September 11, 2007

Goodbye, Madeleine L'Engle.

You meant more to me than you could ever have known. I read A Wrinkle in Time so many times in my attic bedroom (on nights both stormy and not), I've got passages of it memorized.

(Readers, here's the book's Wikipedia entry. But do not be self-destructive: read it before you go there. And get this book in hard cover, for crying out loud! You can thank me later. No one reads this thing only one time.)

You, Madeleine, were a better diarist than Anais Nin, a better allegorist than C.S. Lewis or J.R.R. Tolkien. You were the best writer of books for children and adolescents ever, bar none. (And I say this as a fan of J.K. Rowling, whose lapidary achievements still can't achieve the breadth and scope your career encompassed.)

And you made it possible for all kinds of imperfect and skeptical people to contemplate the notion that they could, after all, be Christians. "With," as you put it in one of your published journals, "all kinds of doubts." And you made it okay—cool, even—to have a scientist mom. That saved my psychic bacon during the tough years of being a teenager—which, in my particular case, persisted into my 20s (some will say 40s—but they are being unkind).

Even your creative failures were fascinating, and well worth reading.

You made magic.

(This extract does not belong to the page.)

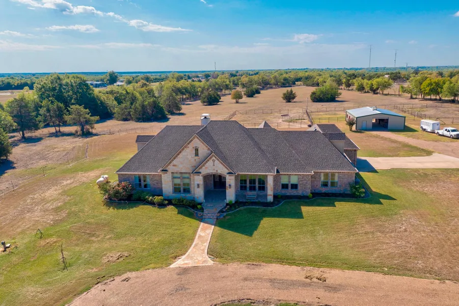 Gorgeous custom built estate sitting on 23(+or-) acres, fenced with gated entrance, pond, trees, 36x40 6 stall barn and tack room, separate paddocks, large 36x60 workshop with concrete floors, heated swimming pool and hot tub. Spacious home with 3466 sq ft with additional approx 1100 unfinished upstairs that can be completed as new owners want. Media room with 110in projection screen, with bar, smart home features. Kitchen open to living room, oversized island, perfect for entertaining, custom cabinets, granite, great views! Oversized back patio, outside shower and private bath to enjoy while in the pool area. Master suite has great views, sitting area, recessed ceiling, real hardwood floors though-out. This is a must see! Bring your horses, farm animals and enjoy the country life.

And moral ambiguity. Again, and again, and again.


Ms. L'Engle's official site is here. I've never looked for her before on the web. I'm so glad she's there, but the image on the front page made me choke up, so I haven't explored there yet. How many people have the love of science she had, and yet the same level of faith? Very few.

MORE Wheaton College rawks. They have extensive collections on Sayers, and on a few of the Inklings, and on L'Engle, too? The mind boggles. What a freakin' brain trust they must have over there.

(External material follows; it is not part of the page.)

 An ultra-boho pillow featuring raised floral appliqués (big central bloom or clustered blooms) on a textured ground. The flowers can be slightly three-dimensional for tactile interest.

AND YET MORE Nurse Theology had plenty to say to me when we were comparing notes about the various L'Engle books, great and not-so.

The good nurse is always taken aback when I quote her, verbatim, from conversations we had in the 1980s. And yet, she said all those things, and has such a way with words . . . I can't help it. (Even when it got back to me that she'd said "I like Joy. But I can't see how anyone can stand to be around her for more than ten minutes." That perspective was very necessary for me at the time. And simply adorable.)

Ms. Fine Theology on Madeleine L'Engle: "Why won't she give Zachary Gray a break?"

I looked at her when she said that, and I think my jaw sort of floated for a second. Because, of course, I had taken Zachary to be a character of his own. I felt that he was flouting L'Engle's wishes—rather than vice versa.

Of course, that brings up the whole Calvanism/predestination debate, and I'm not sure I have time for that.